How neflamapimod works

Alzheimer’s disease is a neurodegenerative disorder in which the slow death of nerve cells in the brain results in a progressive decline in memory and the ability to process and store information. These symptoms are thought to be caused by the clumping and build-up of beta-amyloid or tau proteins, possibly blocking cell-to-cell communication and activating immune system cells, triggering inflammation.

Neflamapimod works by inhibiting an enzyme called p38 mitogen-activated protein kinase alpha (p38α), which in a normal situation is involved in regulating inflammation. However, in a disease context, p38α malfunctions and is thought to be involved in beta-amyloid or tau-induced toxicity and/or excessive inflammation.

Neflamapimod in clinical trials

The pharmacological effects of neflamapimod were first evaluated in a pre-clinical study of mouse brains.

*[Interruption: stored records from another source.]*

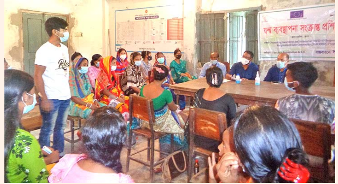
Training on conflict management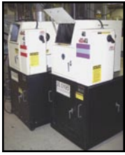
Ball & Jewel Granulators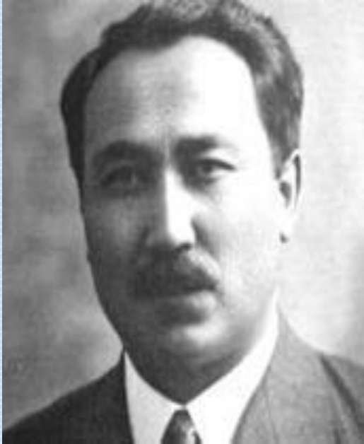
Saken Seifullin (1894-1938)

S.Seifullin stood at the origins of the Kazakh Soviet literature.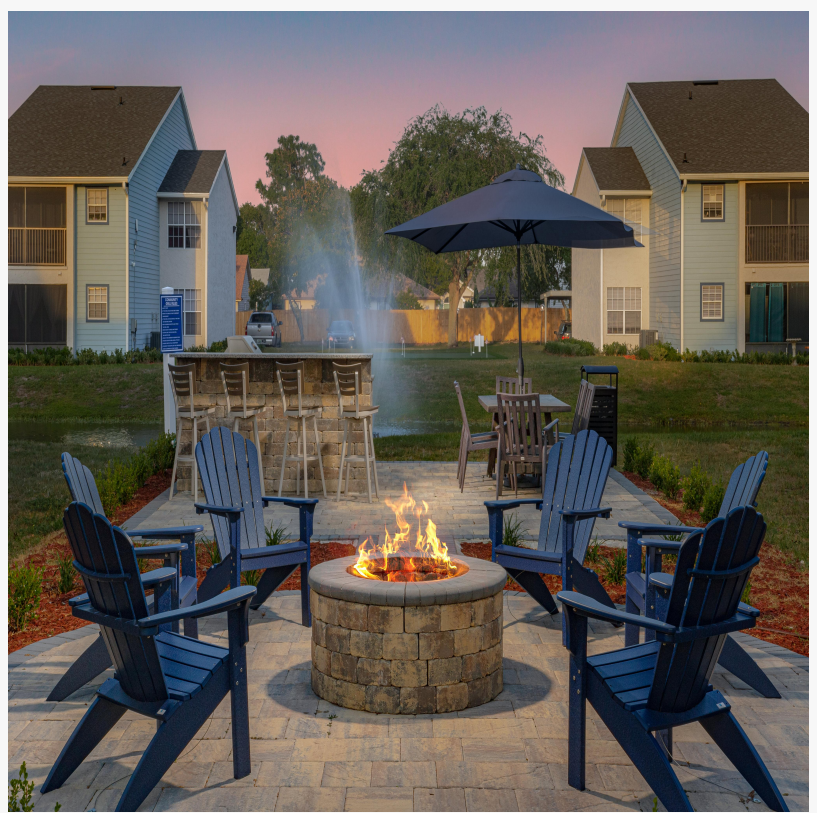
Portofino Club offers an outdoor fire pit with seating, a bar area, and scenic views, along with other great amenities.

ATX Acquisitions was founded in 2021 by the owner of Avesta Real Estate Holdings, LLC (also known as InvestRes) and industry leaders with deep experience in multifamily real estate investment and management to pursue long-term hold, opportunistic, real estate investments. ATX Acquisitions specializes in the acquisition properties that are well positioned to benefit from three key marketing forces: technological innovation, high growth markets, high and persistent inflation.

Results of the study, published in the Journal of Alzheimer’s Disease, showed that neflamapimod improved cognitive performance and inflammation and appeared to decrease beta-amyloid accumulation in the brains of mice.

Researchers conducted another study to evaluate the effects of neflamapimod in human cells grown in the laboratory. Results of the study showed that neflamapimod could have a new mechanism of action through the reversion of endosomal (a compartment inside cells) dysfunction seen in Alzheimer disease.

These results provided the rationale for the assessment of the medicine in humans.

The safety and tolerability of neflamapimod were assessed in two Phase 2 clinical trials (NCT02423122 and NCT02423200) for the treatment of patients with mild Alzheimer’s disease. Both trials are already completed and the results announced by EIP Pharma showed that neflamapimod led to improvements in memory and learning, as well as a reduction in beta-amyloid plaques in the brain. The therapy was well tolerated in both studies, and no safety signals were identified.

Neflamapimod is currently being assessed in two additional Phase 2 clinical trials.

The first, called REVERSE-SD, is a proof-of-concept trial (NCT03402659) to demonstrate whether neflamapimod can significantly improve memory function compared with a placebo. The study, which is scheduled to end in 2019, is currently enrolling up to 152 patients with mild Alzheimer’s disease in Florida.

The second trial (NCT03435861) is designed to assess the efficacy of neflamapimod in early Alzheimer’s disease patients. The primary objective of the study is to compare the level of inflammation following 12 weeks of treatment with neflamapimod and placebo. The trial is currently recruiting up to 40 participants at University Hospital Toulouse in France.

More information about the trials is available by clicking on their identification (NCT) number.

Other details

The most common adverse events associated with the use of neflamapimod were sleepiness or drowsiness and mild diarrhea (loose stools).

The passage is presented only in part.